About this exercise — Transcribe only the lines of the listing below from the one holding "The Dutch rowing" through the one holding "100%棉 里料:100%聚酯纤维 填充物:白鸭绒", inclusive, without any change.

Data section —
------

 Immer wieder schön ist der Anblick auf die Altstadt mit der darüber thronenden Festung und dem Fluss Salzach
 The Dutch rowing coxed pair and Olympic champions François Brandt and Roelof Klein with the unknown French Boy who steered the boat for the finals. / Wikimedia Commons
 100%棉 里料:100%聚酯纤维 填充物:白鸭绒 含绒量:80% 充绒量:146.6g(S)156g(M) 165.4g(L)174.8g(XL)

------

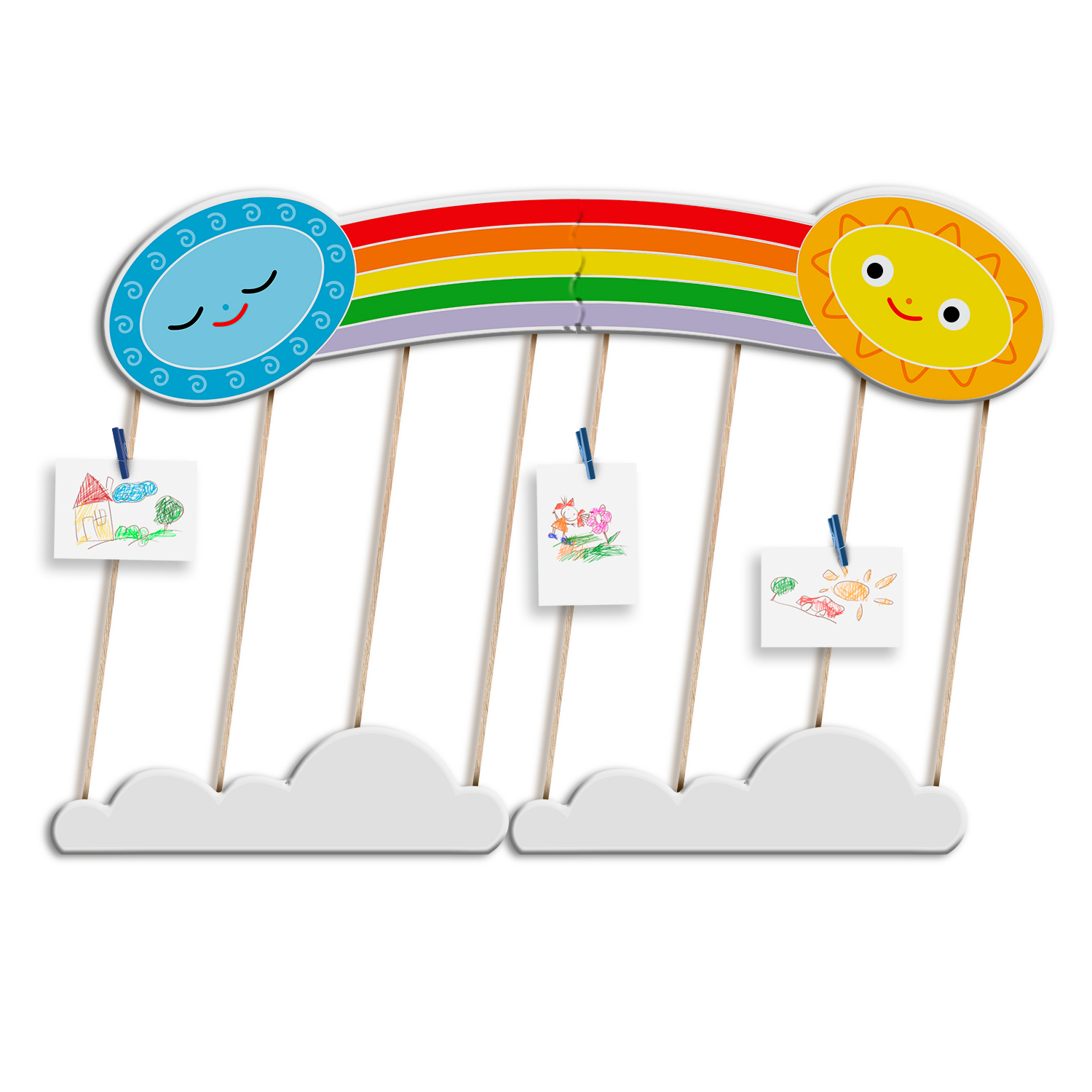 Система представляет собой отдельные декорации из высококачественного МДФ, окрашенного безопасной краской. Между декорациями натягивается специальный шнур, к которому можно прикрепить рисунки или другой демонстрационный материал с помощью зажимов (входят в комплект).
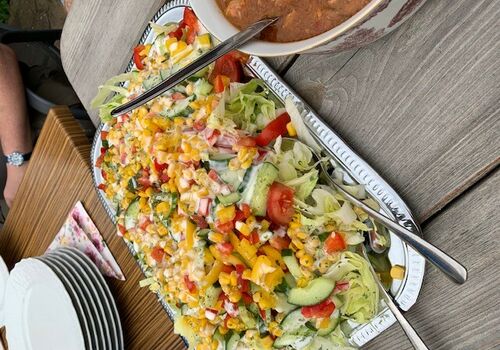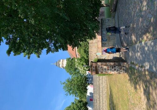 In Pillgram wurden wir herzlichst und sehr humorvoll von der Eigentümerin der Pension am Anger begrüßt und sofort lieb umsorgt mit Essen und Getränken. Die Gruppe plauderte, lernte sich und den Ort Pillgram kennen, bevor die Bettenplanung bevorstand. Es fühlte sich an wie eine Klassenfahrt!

------

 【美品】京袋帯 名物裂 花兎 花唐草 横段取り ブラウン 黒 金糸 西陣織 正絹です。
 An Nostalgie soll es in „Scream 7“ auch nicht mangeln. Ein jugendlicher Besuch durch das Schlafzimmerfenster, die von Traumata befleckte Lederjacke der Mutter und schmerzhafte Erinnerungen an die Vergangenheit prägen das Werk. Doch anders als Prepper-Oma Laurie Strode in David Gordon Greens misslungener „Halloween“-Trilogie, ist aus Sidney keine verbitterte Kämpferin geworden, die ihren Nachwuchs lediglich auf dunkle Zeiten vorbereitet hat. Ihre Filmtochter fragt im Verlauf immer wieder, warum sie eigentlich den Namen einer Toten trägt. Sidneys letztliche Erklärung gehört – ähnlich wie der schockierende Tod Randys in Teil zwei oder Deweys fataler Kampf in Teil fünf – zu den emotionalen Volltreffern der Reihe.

------

Answer section —
 The Dutch rowing coxed pair and Olympic champions François Brandt and Roelof Klein with the unknown French Boy who steered the boat for the finals. / Wikimedia Commons
 100%棉 里料:100%聚酯纤维 填充物:白鸭绒 含绒量:80% 充绒量:146.6g(S)156g(M) 165.4g(L)174.8g(XL)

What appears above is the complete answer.